Exercise prompt:
From the records below, transcribe only the lines running from the one with "从政策层面看,养老政策逻辑完" through the one with "AmélieBoutik Women Open". Keep both of those end lines.

Records provided:
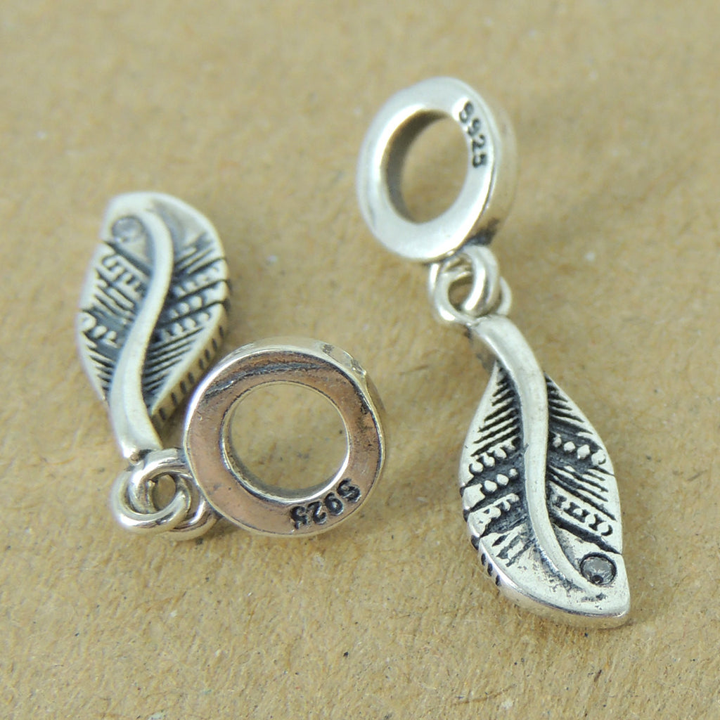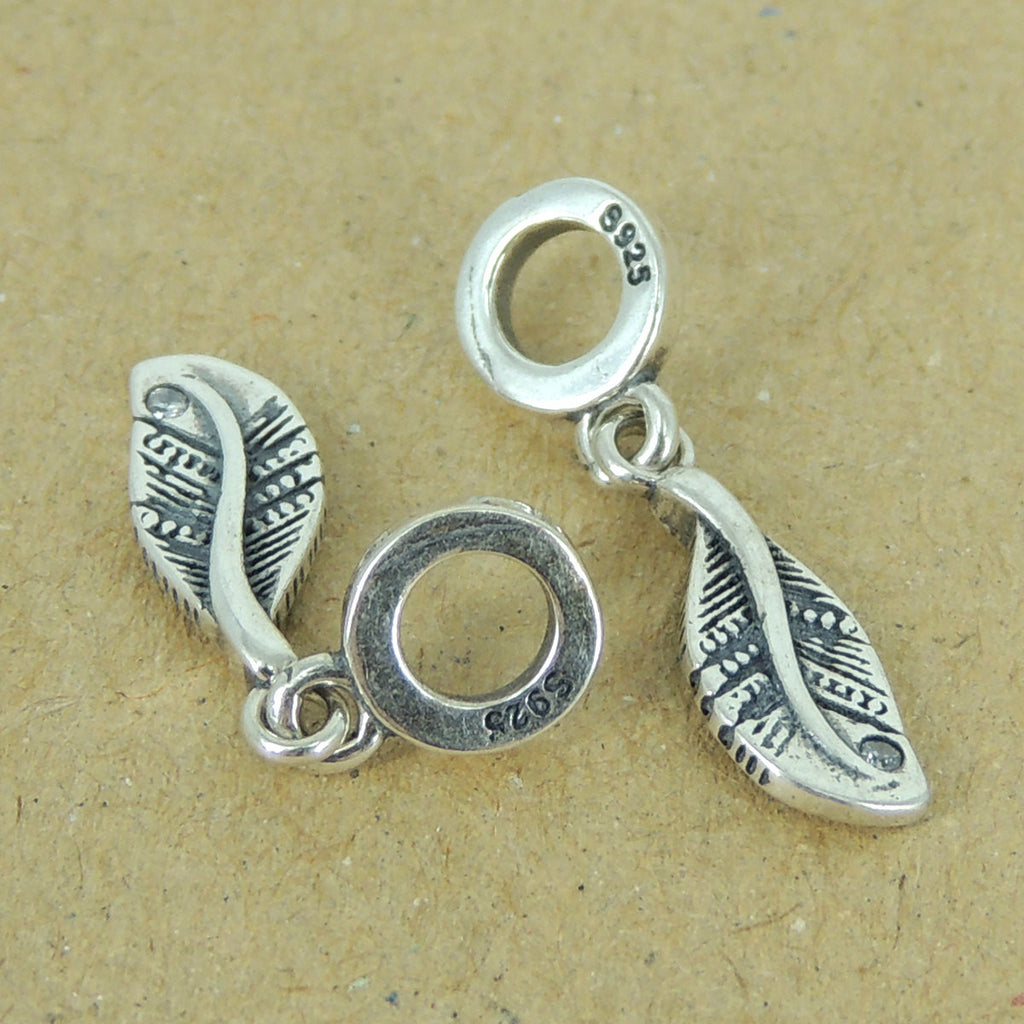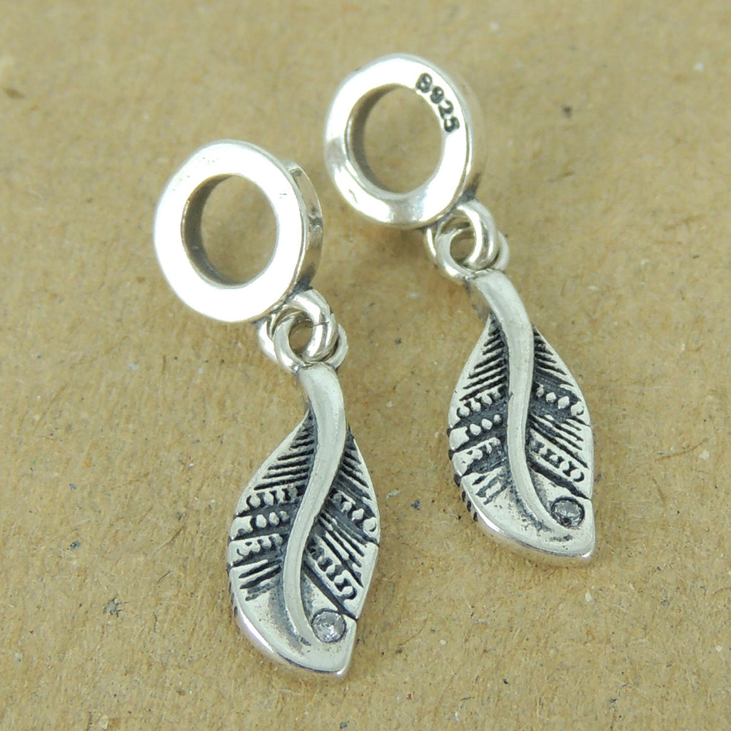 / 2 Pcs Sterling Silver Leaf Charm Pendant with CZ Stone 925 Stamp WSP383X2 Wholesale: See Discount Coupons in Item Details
---
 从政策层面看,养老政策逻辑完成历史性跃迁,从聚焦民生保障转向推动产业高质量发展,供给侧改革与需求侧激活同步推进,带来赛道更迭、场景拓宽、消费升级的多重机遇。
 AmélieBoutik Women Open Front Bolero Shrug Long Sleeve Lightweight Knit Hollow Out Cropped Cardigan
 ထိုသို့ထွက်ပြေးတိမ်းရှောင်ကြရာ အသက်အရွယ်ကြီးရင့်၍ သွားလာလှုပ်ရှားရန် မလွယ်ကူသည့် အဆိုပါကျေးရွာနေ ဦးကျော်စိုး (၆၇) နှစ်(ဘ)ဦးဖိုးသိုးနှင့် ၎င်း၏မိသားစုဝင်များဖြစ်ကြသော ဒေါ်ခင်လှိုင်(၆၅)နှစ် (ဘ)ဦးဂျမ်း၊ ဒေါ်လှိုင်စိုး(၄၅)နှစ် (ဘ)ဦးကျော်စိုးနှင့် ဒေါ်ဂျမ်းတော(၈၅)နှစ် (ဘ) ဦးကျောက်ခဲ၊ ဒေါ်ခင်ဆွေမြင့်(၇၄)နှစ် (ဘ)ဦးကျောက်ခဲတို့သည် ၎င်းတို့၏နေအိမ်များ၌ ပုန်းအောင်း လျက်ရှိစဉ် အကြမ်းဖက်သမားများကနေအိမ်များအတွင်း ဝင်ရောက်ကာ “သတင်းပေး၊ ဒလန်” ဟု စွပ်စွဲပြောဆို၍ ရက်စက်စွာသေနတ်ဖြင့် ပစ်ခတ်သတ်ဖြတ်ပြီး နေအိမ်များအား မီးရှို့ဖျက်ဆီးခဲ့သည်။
--
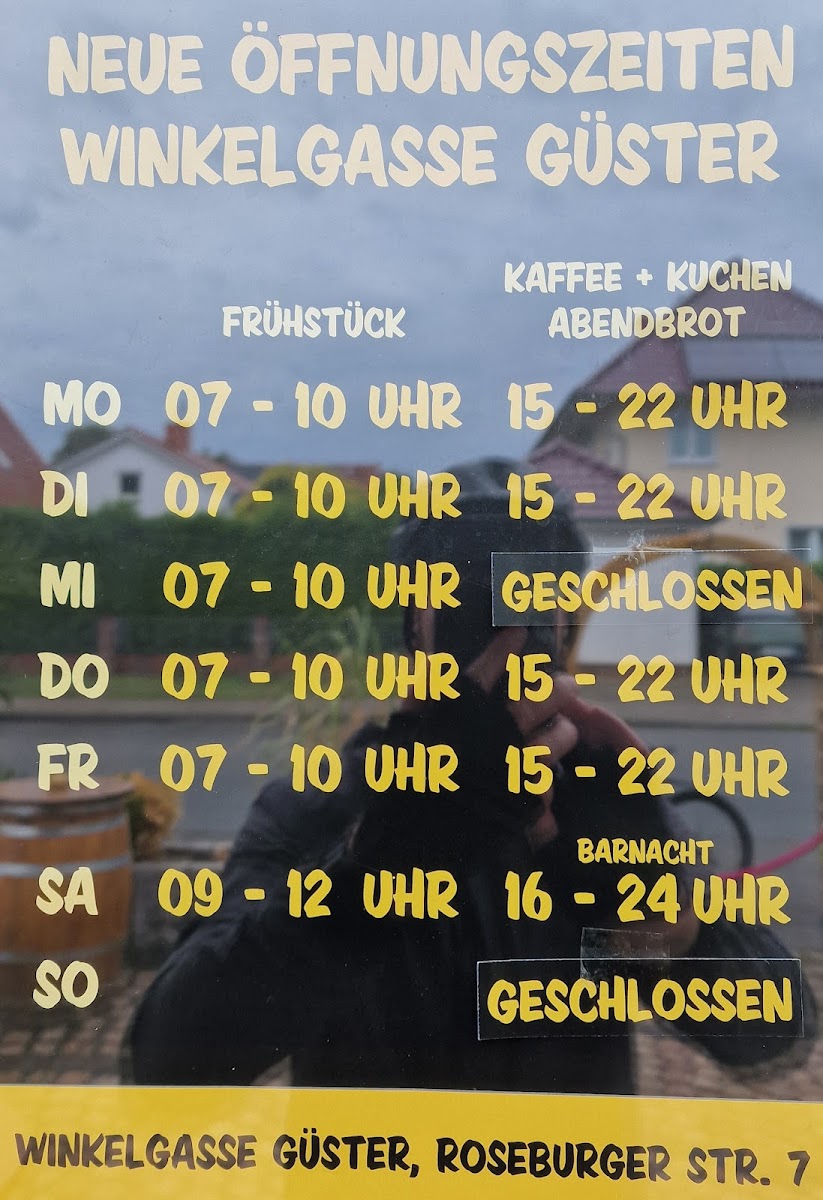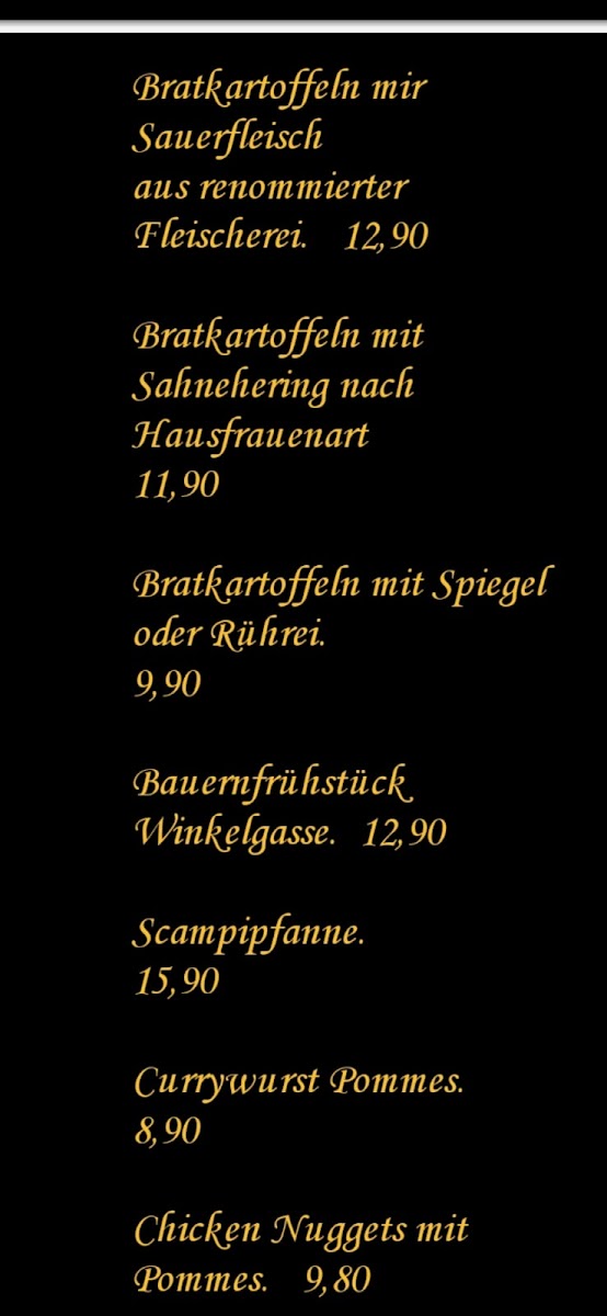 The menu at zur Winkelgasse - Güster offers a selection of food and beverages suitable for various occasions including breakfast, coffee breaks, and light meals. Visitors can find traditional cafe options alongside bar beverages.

Solution to this task:
 从政策层面看,养老政策逻辑完成历史性跃迁,从聚焦民生保障转向推动产业高质量发展,供给侧改革与需求侧激活同步推进,带来赛道更迭、场景拓宽、消费升级的多重机遇。
 AmélieBoutik Women Open Front Bolero Shrug Long Sleeve Lightweight Knit Hollow Out Cropped Cardigan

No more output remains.